TEXTS:
Belle Boggs, Mattaponi Queen: Stories
Kirsten Valdez Quade, Night at the Fiestas
Emily Rapp, Poster Child
Erika Meitner, Copia
Selected stories, poems, and essays on Google Drive
COURSE REQUIREMENTS:
Attend class. Two unexcused absences will lead to a reduction in your final grade. Three or more unexcused absences will lead to failure. If you know that you’ll have to miss a class, let me know ahead of time and make arrangements for a classmate to pick up any material distributed in class and to inform you about any assignments.
Turn in assignments on time. Late work will be penalized one letter grade for every day (not every class) that it is late. All work will be submitted via Google Drive or on the class blog: http://engl106.blog.sbc.edu/. Documents on Google Drive should be named in this manner: YourName.ENG106.exercise1.docx.
Be prepared for class. You are expected to participate in the discussions in class in a thoughtful, responsible, and energetic manner. It is imperative that you come to class prepared. Read all assignments by the day they are due. Our schedule will no doubt require adjustments as the semester moves forward, but assume we’ll get to whatever’s on the schedule unless I explicitly push back (or forward) an assignment.

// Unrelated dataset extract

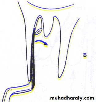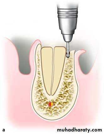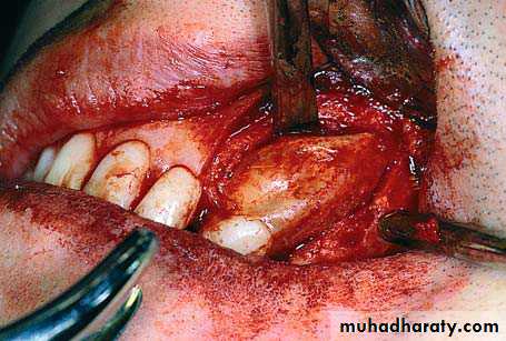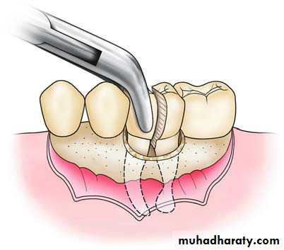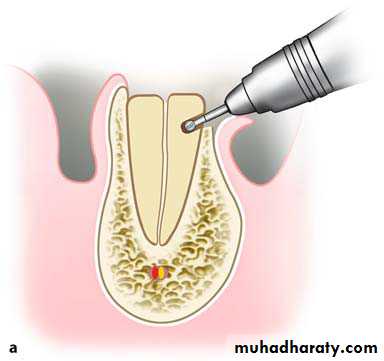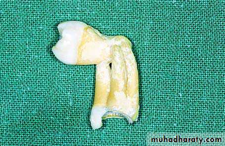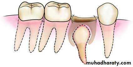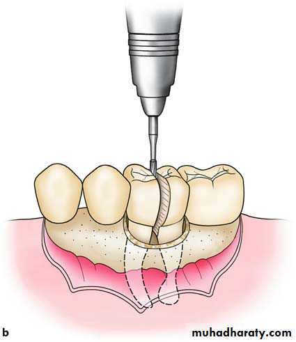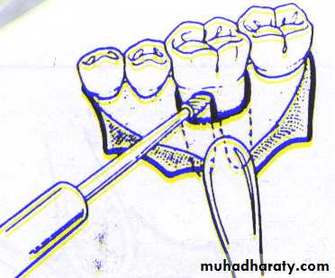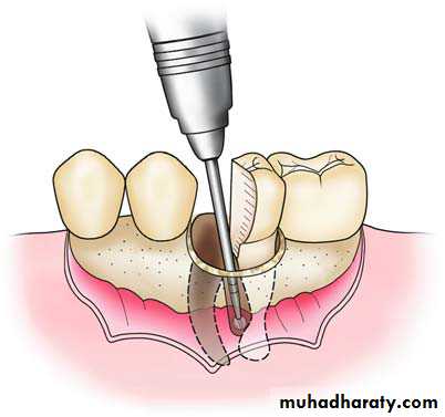 2- Envelope flap is reflected, part of the buccal plate is removed, and the tooth is sectioned buccolingually at the crown as far as the intraradicular bone3- Extraction of the normal part of the root then widening of the alveolus with a round bur, so that removal of the root is possible without fracturing the bulbous root tip. Extraction of the distal portion of the tooth using forceps after creating a pathway for removal
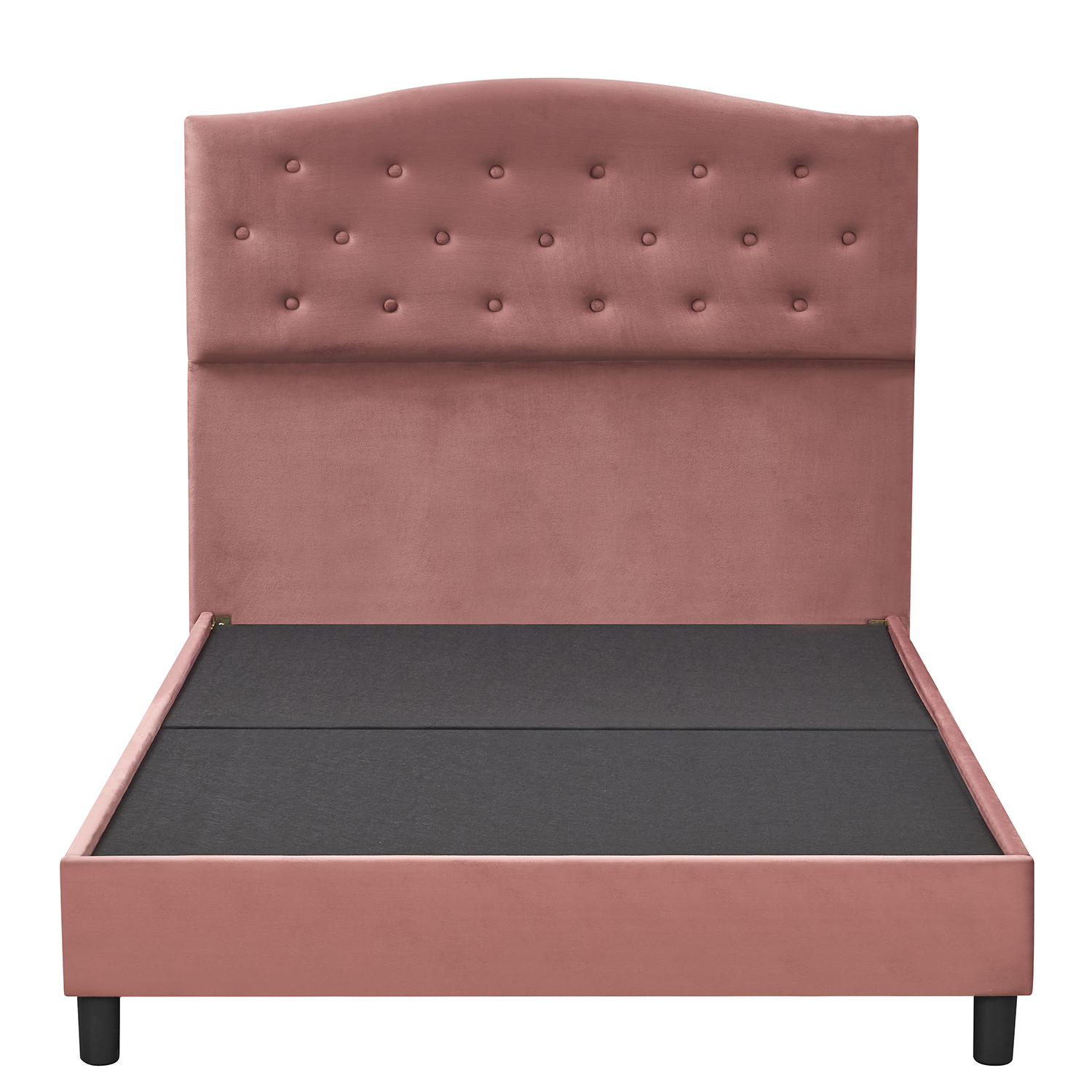 Το κρεβάτι είναι επενδυμένο με υψηλής ποιότητας ύφασμα σε απόχρωση σάπιου μήλου, το οποίο προσφέρει ανθεκτικότητα και μοντέρνα εμφάνιση. Η κατασκευή του εξασφαλίζει σταθερότητα και μακροχρόνια χρήση.

Proofread your work. I expect all work to be composed with care and to be free of mechanical errors. Assignments that suggest a lack of substantial effort and those plagued by persistent or egregious errors will be returned for revision and proofreading.
Attend Writers Series events on campus. (Please plan ahead so that you can resolve conflicts that you might have with any required readings, lectures, or performances.)
COURSE OBJECTIVES:
A writing workshop has a number of purposes. It offers a critical but supportive environment for the apprentice writer, providing an audience that is willing to read, with a careful eye, works that stand to be improved through sustained and repeated revision. It offers an opportunity for discussion of the formal and thematic elements of particular genres – in this case, fiction, poetry, and creative nonfiction – through the use of both professional and apprentice models. Finally, since the writing workshop addresses how a work is made as well as what that work becomes, it offers an opportunity to explore how experience and imagination are used in creating a work of art.
An appreciation for literature begins with enthusiasm. By learning to identify what makes a particular text interesting, entertaining, informative, or compelling, you will begin to understand the relation between literary texts and life itself — i.e., how the formal qualities of a particular literary genre may be used by the writer to explore the various subtleties, difficulties, moral dilemmas, and triumphs that are a part of being human.
By organizing your thoughts and presenting them to your classmates in our discussions, you should come to see that literature is comprised of many components, each of which is part of a complex, integrated whole, each of which is available for discussion, analysis, and debate.